Cantor Expansion

When I tried to solve the leetcode problem, I suddenly remembered that I had learned a method to solve this problem in my college. It is called Cantor expansion. However I forgot the details of this method. So I decided to write this blog to record the details of this method.

Cantor expansion

What is cantor expansion? It is a method to convert a permutation to a number based on the order of the permutation. So the question is that how we can know a permutation has how many permutations before it. Let's begin to solve that. The thought is like digital dp.
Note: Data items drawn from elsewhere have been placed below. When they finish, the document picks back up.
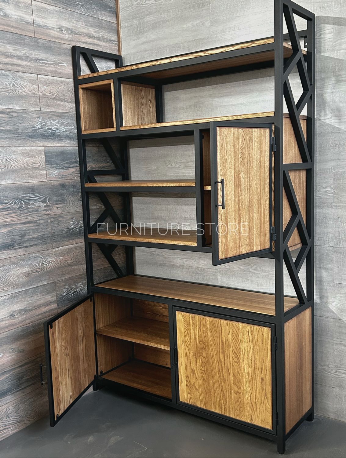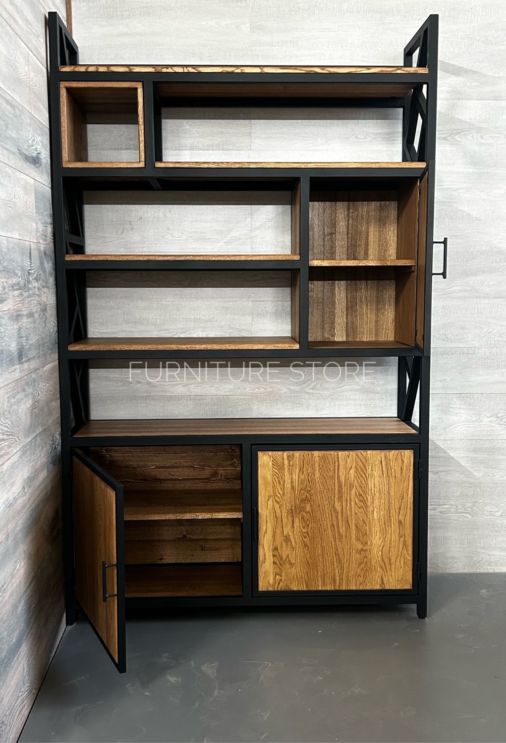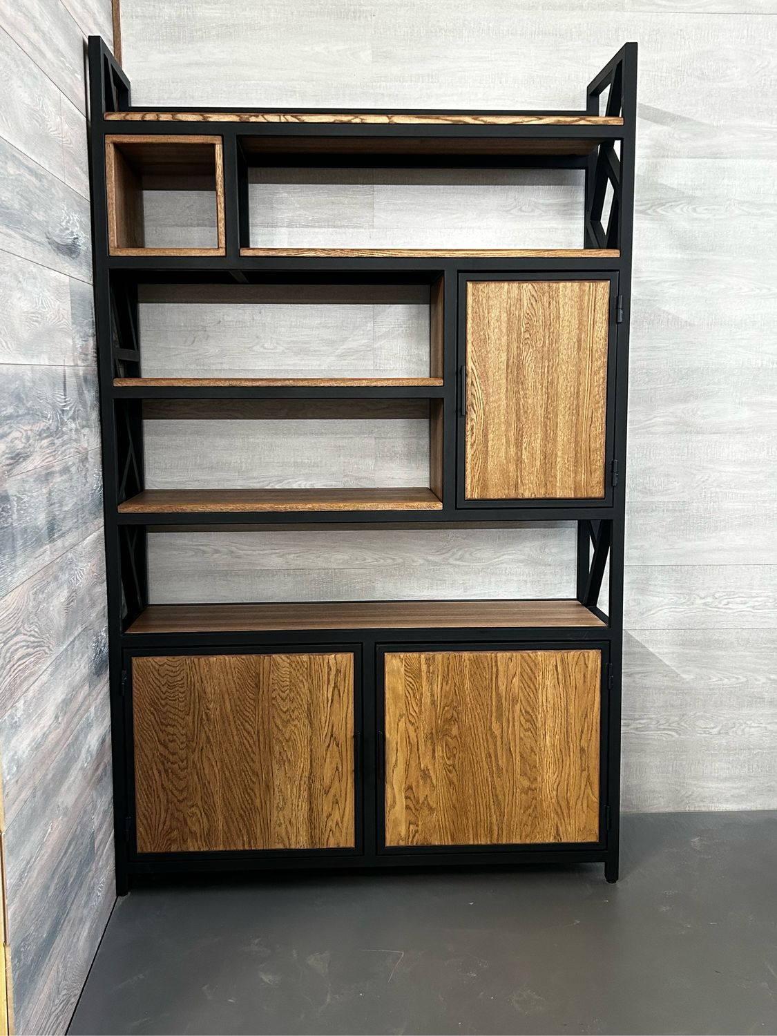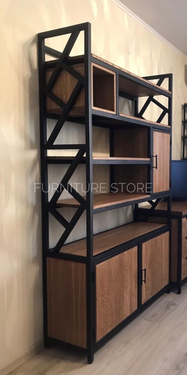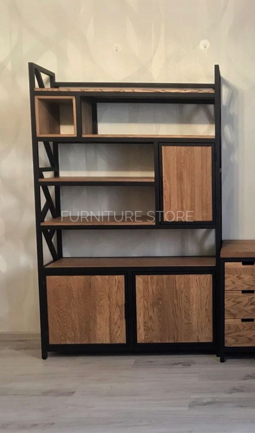 Стеллаж в стиле лофт — это современная мебель, сочетающая массив дуба и металлический профиль. Верхние полки и дверцы шкафов выполнены из натурального дуба, а каркас — из черного металла, что создаёт контраст между тёплым деревом и холодным металлом.
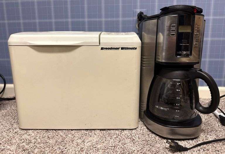A Breadman Ultimate TR2200C bread maker with control panel for crust control, loaf size selection, and multiple baking programs. Unit is UL-listed for household use. Also features a Mr. Coffee programmable 12-cup coffee maker with digital controls, brew strength selector, and reusable filter.
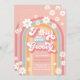 Four Ever Groovy Boho Daisy Rainbow 4th Birthday Invitation
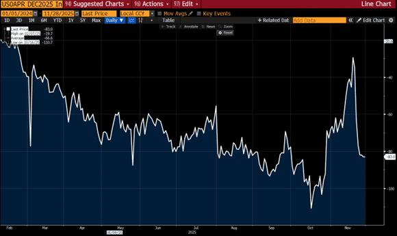 Trots att vi är i december är investerare ovanligt riskaverta, vilket också är positivt. En eventuell amerikansk räntesänkning den 10:e december kommer sannolikt ändra på det.
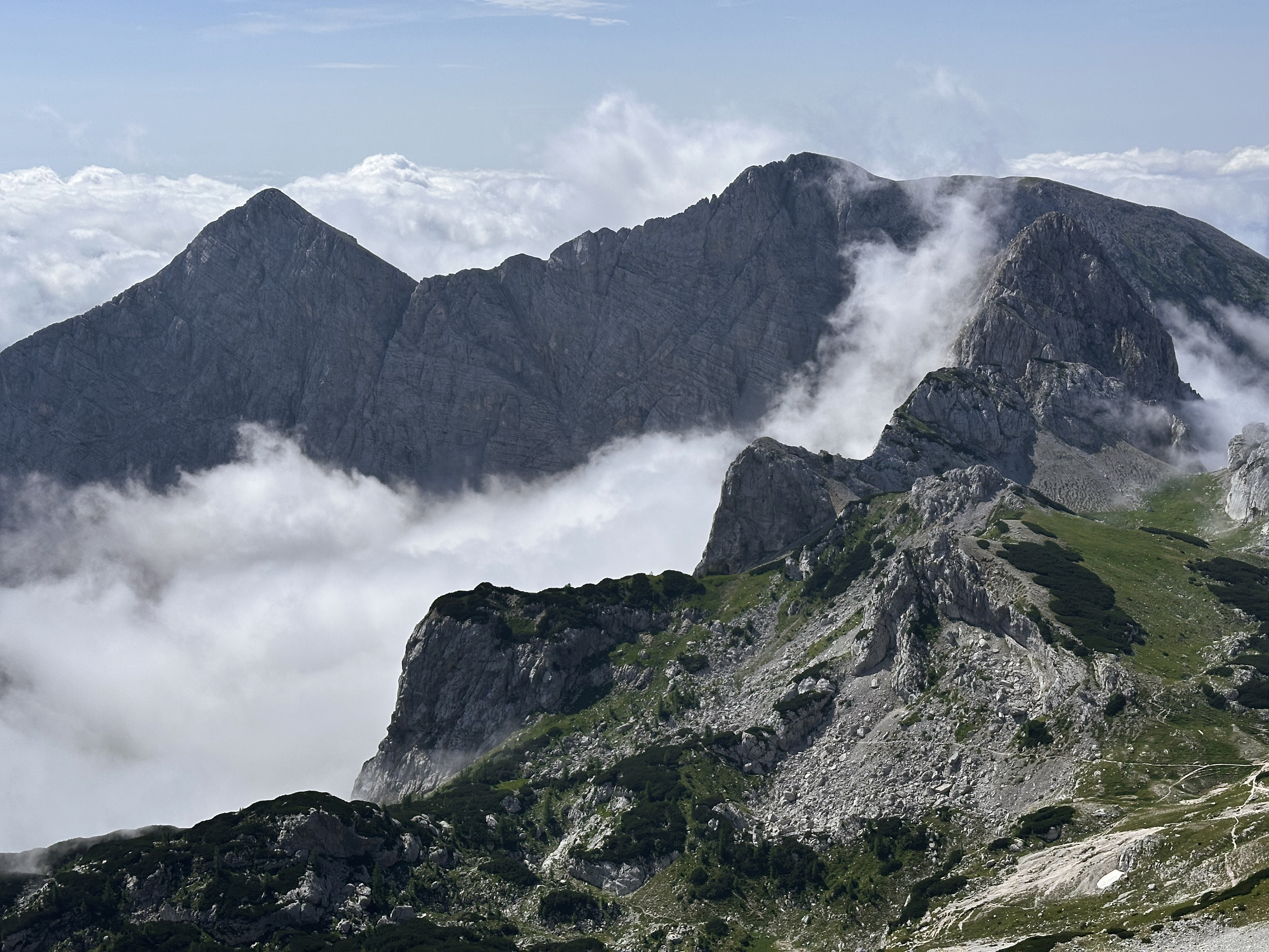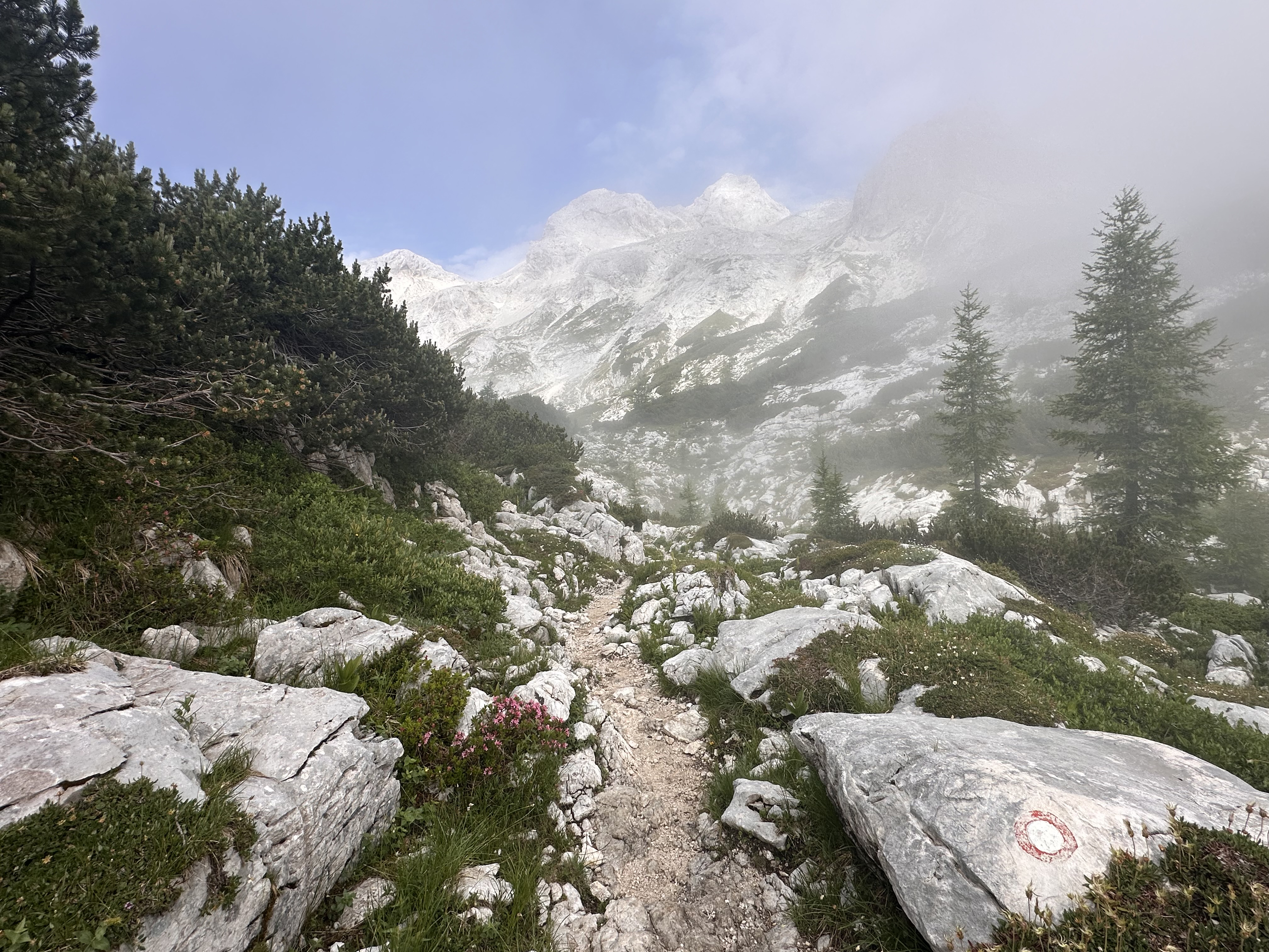 I went into this hike unsure of whether the summit would happen. The phrase “off the summit by noon” would be essential, and it seemed like a same-day summit would be the only option. The forecast had a 90-100% chance of precipitation from 3pm that day (60% chance from 2pm) for 24 hours straight. My plan was to reach the hut by 10:30am and assess from there. With the parking confusion, I didn’t get started until 6:15am. Even at that hour, it was so hot and humid! I didn’t take many photos or videos on the way up…I had to keep a quick pace, and there wasn’t much to see anyway. I was in a cloud, feeling increasingly pessimistic about a summit. The weather was meant to worsen throughout the day, not improve. However, Maglić in BiH gave me a bit of hope. Sure enough, with under 300 meters of ascent remaining to the hut, the clouds began to thin out.
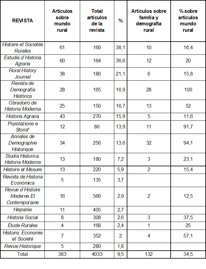Para el segundo objetivo se han analizado de forma detallada e individualizada los artículos en cuya cronología figuraran -en todo o en parte- los siglos XVI, XVII y XVIII, y que hubieran sido publicados entre el año 2000 y 2014 en revistas europeas especializadas, fundamentalmente, en historia rural y demografía histórica. Para ello se han seleccionado, en el primer caso, cinco publicaciones periódicas: Histoire et Societés Rurales; Études Rurales; Historia Agraria; Estudis d´Historia Agraria; y Rural History. Society, Economy and Culture. Y en segundo lugar tres: Annales de Demographie Historique, Revista de Demografía Histórica y Popolazione e Storia. Junto a ellas se han utilizado otras nueve revistas de historia, pero más generalistas, editadas en dos países, Francia y España, con larga tradición en investigación sobre historia rural. Entre las revistas galas se seleccionaron cuatro: Revue d´Histoire Moderne et Contemporaine; Histoire et Mesure; Revue Historique; e Histoire, Economie et Societé. Y entre las españolas cinco: Obradoiro de Historia Moderna; Studia Historica. Historia Moderna; Hispania; Historia Social; y Revista de Historia Económica. El criterio seguido para la selección de este tipo de publicaciones más generalistas fue que se tratara de revistas que aceptasen trabajos de historia social, económica o relacionada con la población y que, además, ocuparan posiciones importantes en bases de datos de prestigio como SCOPUS. En conjunto, se han consultado y vaciado 17 revistas con un total de 4033 artículos, de los que 383 se refieren al mundo rural; y de ellos, 132 al objeto de nuestra investigación (Cuadro 1 del Anexo).
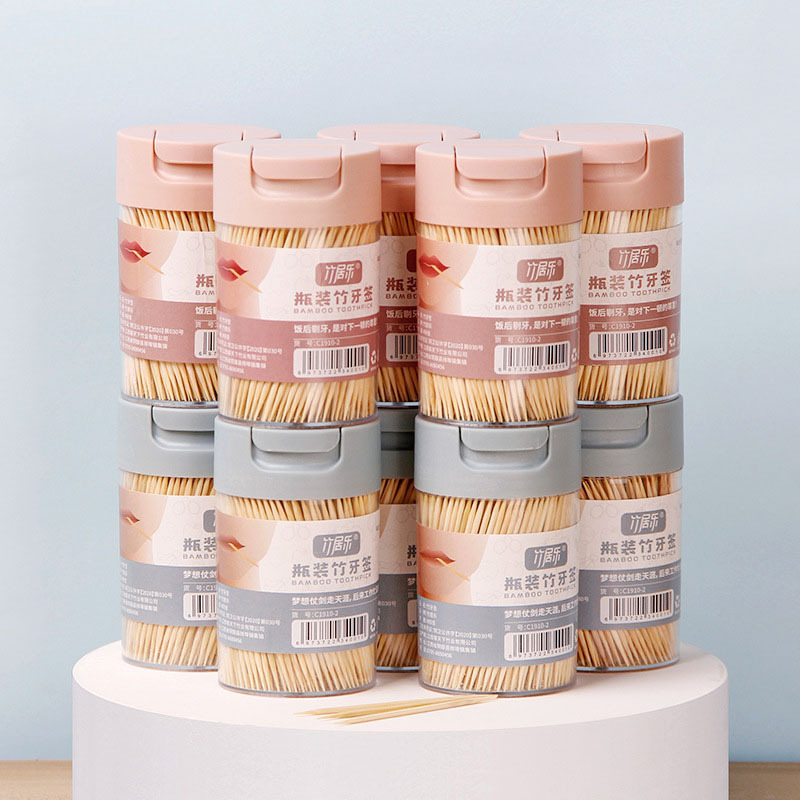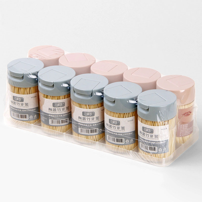 创意筒带牙签饭店家用牙签盒酒店餐厅透明竹牙签瓶牙签筒400支装

We can fix the prefix number of the permutation and calculate the number of permutations that have the same prefix and are smaller than the permutation we have. Firstly, we assume the length of the same prefix number is 0. Then we need to know how many number are smaller than the first number of the permutation. For example, if the permutation is $[3, 1, 4, 2]$ . We can set the first number to 1 or 2, and the left number we can set in any order. So the contribution of this case is $2 * 3!$ . Let's continue the process and calculate the contribution that the length of the same prefix number is 1, which means the first number must be 3 and the second number must be smaller than 1. It is obvious that the contribution is 0. We continue the process until the length is $n - 1$ . So we can easily write the code to solve this problem.

const int maxn = 10;
long long fact[maxn];
void init() {
    fact[0] = 1;
    for (int i = 1; i < maxn; i++) {
        fact[i] = fact[i - 1] * i;
    }
}
int p[maxn];
int A[maxn]; // A[i] means how many numbers in [i + 1, n) are smaller than p[i]
long long cantor() {
    long long res = 0;
    for (int i = 0; i < n; i++) {
        int cnt = 0;
        for (int j = i + 1; j < n; j++) {
            if (p[j] < p[i]) {
                cnt++;
            }
        }
        A[i] = cnt;
    }

    for (int i = 0; i < n; i++) {
        res += A[i] * fact[n - i - 1];
    }
    return res;
}

Inverse Cantor expansion

Based on the introduction above, we can write the formula:

\begin{equation} \begin{aligned} \text{cnt} &= \sum_{i = 0}^{n - 1} A[i] * (n - i - 1)! \\ \end{aligned} \end{equation}

But how can we get the permutation based on the cnt? Firstly, we know:

\begin{equation} \begin{aligned} n! &= n * (n - 1)! \\ &= (n - 1) * (n - 1)! + (n - 1)! \\ &= \sum_{i = 0}^{n - 1} i * i! + 1 \end{aligned} \end{equation}

Then, let's calculate the max number of the permutation from $[j, n)$ :

\begin{equation} \begin{aligned} \sum_{i = j} ^ {n - 1} A[i] * (n - i - 1)! &\leq \sum_{i = j} ^ {n - 1} (n - i - 1) * (n - i - 1)! \\ &\leq \sum_{i = 0} ^ {n - j - 1} i * i! \\ &\leq (n - j)! - 1 \end{aligned} \end{equation}

So we can get the max number of the permutation from $[j, n)$ . It is $(n - j)! - 1$ . The number is smaller than the weight in j - 1, which is $(n - j)!$ What does that means? It means it is like a binary or other base number. We can get each digit only by divided the weight. Now, we can get A. It is easily to get the permutation from A. We just need to for loop A from 0 to n - 1, and keep the remain number. So we can get the permutation by the following code:

const int maxn = 10;
long long fact[maxn];
void inverse_cantor(long long cnt) {
    vector<int> remain_number;
    for (int i = 1; i <= n; i++) {
        nums.push_back(i);
    }
    for (int i = 0; i < n; i++) {
        int weight = fact[n - i - 1];
        int pos = cnt / weight;
        cnt %= weight;
        p[i] = nums[pos];
        nums.erase(nums.begin() + pos);
    }
}

Summary

To be honest, I don't know the principle of this method when I was in college. I just copy the code when I need to use it. But now, I know the principle of this method. It is easy to understand.